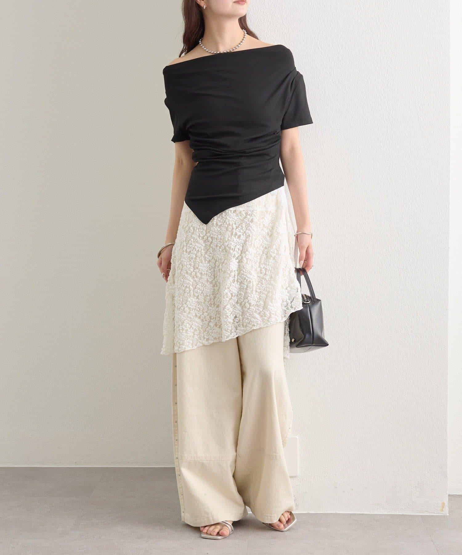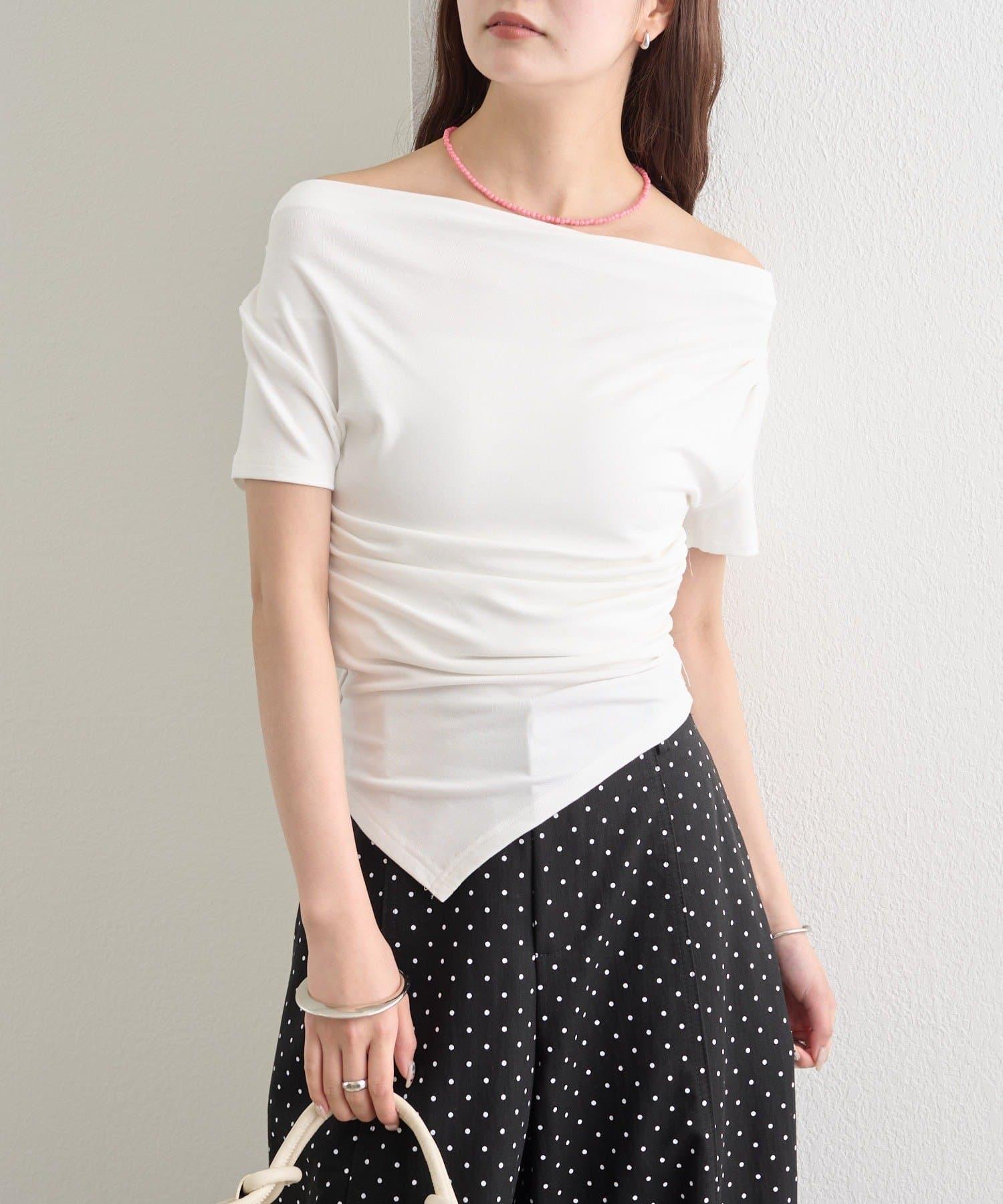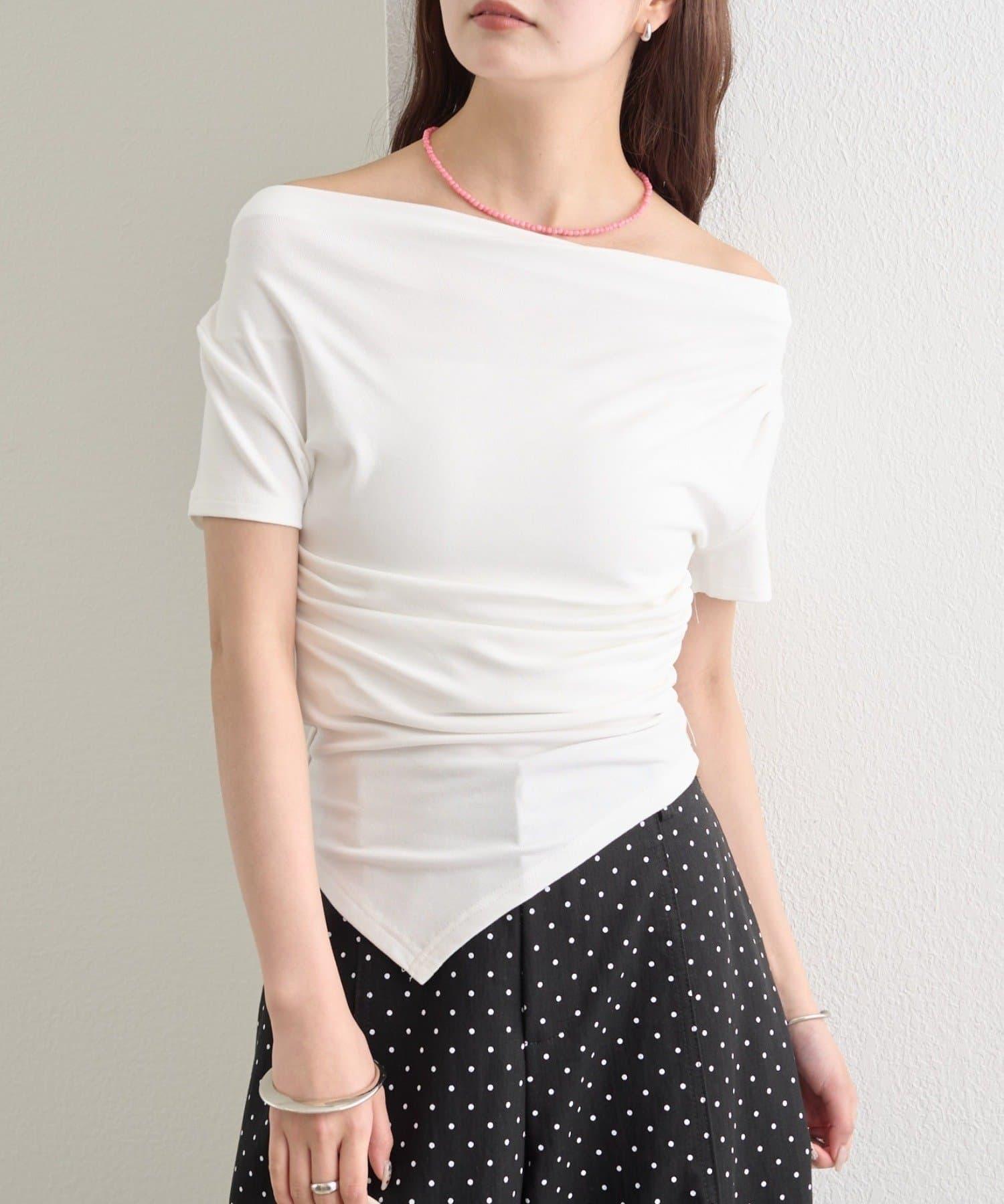 側邊的褶皺設計營造出立體效果,只需穿上這件 T 恤,就能給人一種時尚的感覺。
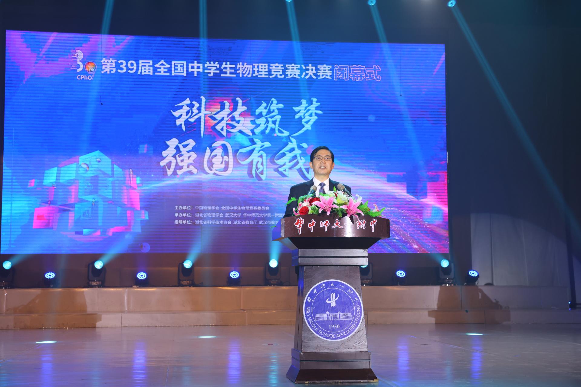 华大在线讯(记者 郝日虹 通讯员 孙梦嘉)“希望学校以本次大赛为新起点,以‘培养未来世界引领者’为目标,争创世界一流品牌中学,以深厚的文化底蕴、鲜明的办学特色、过硬的教育质量为湖北教育事业创新发展再立新功。”11月7日,湖北省副省长、中国工程院院士邵新宇在第39届全国中学生物理竞赛决赛闭幕式致辞中,为jiuyouhui.com第一附属中学在本届竞赛中再创佳绩“点赞”。校党委书记赵凌云、校党委副书记陈迪明、竞赛组委会领导及专家出席闭幕式。
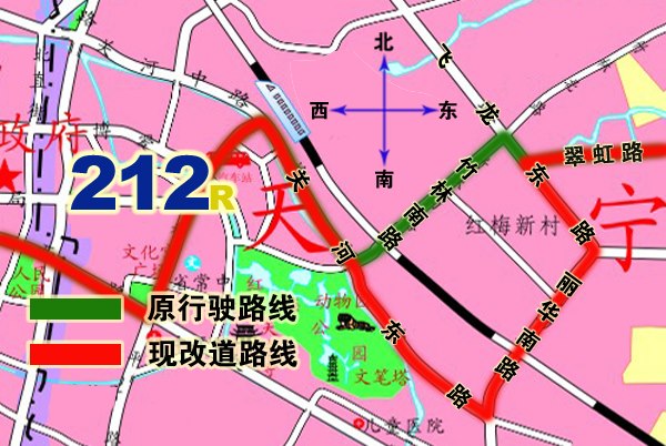 212路:由安陽(yáng)里小區(qū)始發(fā),按原行駛路線行駛至關(guān)河?xùn)|路竹林南路路口后,調(diào)整行駛關(guān)河?xùn)|路、麗華北路、飛龍東路,至飛龍東路翠虹路路口后,按原行駛路線至虹景花園往返。撤消原竹林南路、飛龍東路(竹林南路路口~翠虹路路口)行駛路段,同步撤消原行駛路段紅梅新村上下行??空荆R時(shí)增設(shè)調(diào)整行駛路段紅梅新村(麗華北路上與10路并站)、景福苑上下行??空?,遷移原飛龍東路翠虹路路口西側(cè)的紅梅東村上下行??空局谅房跂|側(cè)(該站點(diǎn)其余??烤€路同步調(diào)整)。
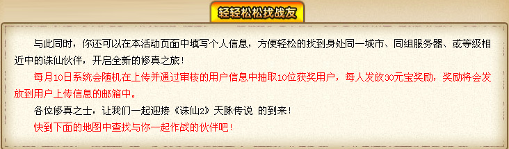 所有60级以上的玩家,进入游戏后找到“推广管理员-吴碧海”(河阳城坐标186,175;神域坐标265,-449)获取自己的推广ID。新玩家在创建新角色时填写由老玩家提供的推广ID,即可获得“金漆锦盒”。
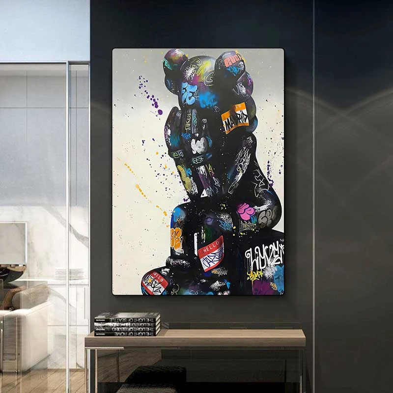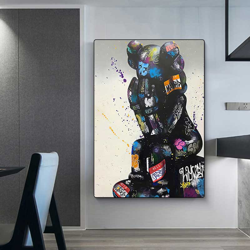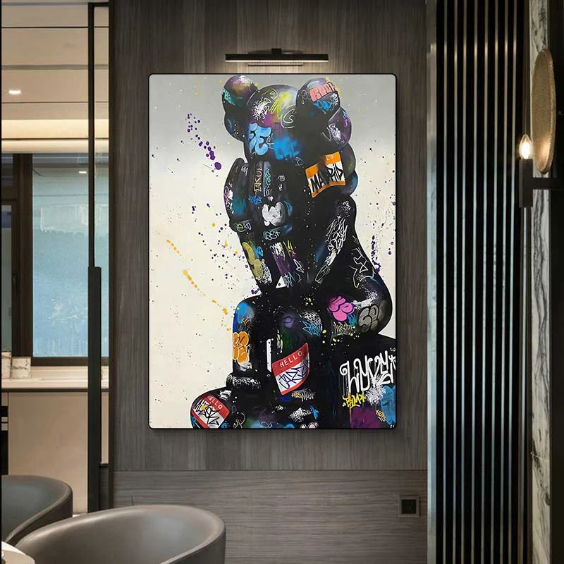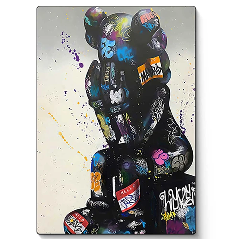 • תיאור: בובה שחורה יושבת, עם הדפסי גראפיטי צבעוניים.

━━━━━━━━━━━━━━━━━━━━

TASK DESCRIPTION - Write every line of the data out again exactly, leaving out all images.

WORKED SOLUTION -
 側邊的褶皺設計營造出立體效果,只需穿上這件 T 恤,就能給人一種時尚的感覺。
 华大在线讯(记者 郝日虹 通讯员 孙梦嘉)“希望学校以本次大赛为新起点,以‘培养未来世界引领者’为目标,争创世界一流品牌中学,以深厚的文化底蕴、鲜明的办学特色、过硬的教育质量为湖北教育事业创新发展再立新功。”11月7日,湖北省副省长、中国工程院院士邵新宇在第39届全国中学生物理竞赛决赛闭幕式致辞中,为jiuyouhui.com第一附属中学在本届竞赛中再创佳绩“点赞”。校党委书记赵凌云、校党委副书记陈迪明、竞赛组委会领导及专家出席闭幕式。
 212路:由安陽(yáng)里小區(qū)始發(fā),按原行駛路線行駛至關(guān)河?xùn)|路竹林南路路口后,調(diào)整行駛關(guān)河?xùn)|路、麗華北路、飛龍東路,至飛龍東路翠虹路路口后,按原行駛路線至虹景花園往返。撤消原竹林南路、飛龍東路(竹林南路路口~翠虹路路口)行駛路段,同步撤消原行駛路段紅梅新村上下行??空荆R時(shí)增設(shè)調(diào)整行駛路段紅梅新村(麗華北路上與10路并站)、景福苑上下行??空?,遷移原飛龍東路翠虹路路口西側(cè)的紅梅東村上下行??空局谅房跂|側(cè)(該站點(diǎn)其余??烤€路同步調(diào)整)。
 所有60级以上的玩家,进入游戏后找到“推广管理员-吴碧海”(河阳城坐标186,175;神域坐标265,-449)获取自己的推广ID。新玩家在创建新角色时填写由老玩家提供的推广ID,即可获得“金漆锦盒”。
 • תיאור: בובה שחורה יושבת, עם הדפסי גראפיטי צבעוניים.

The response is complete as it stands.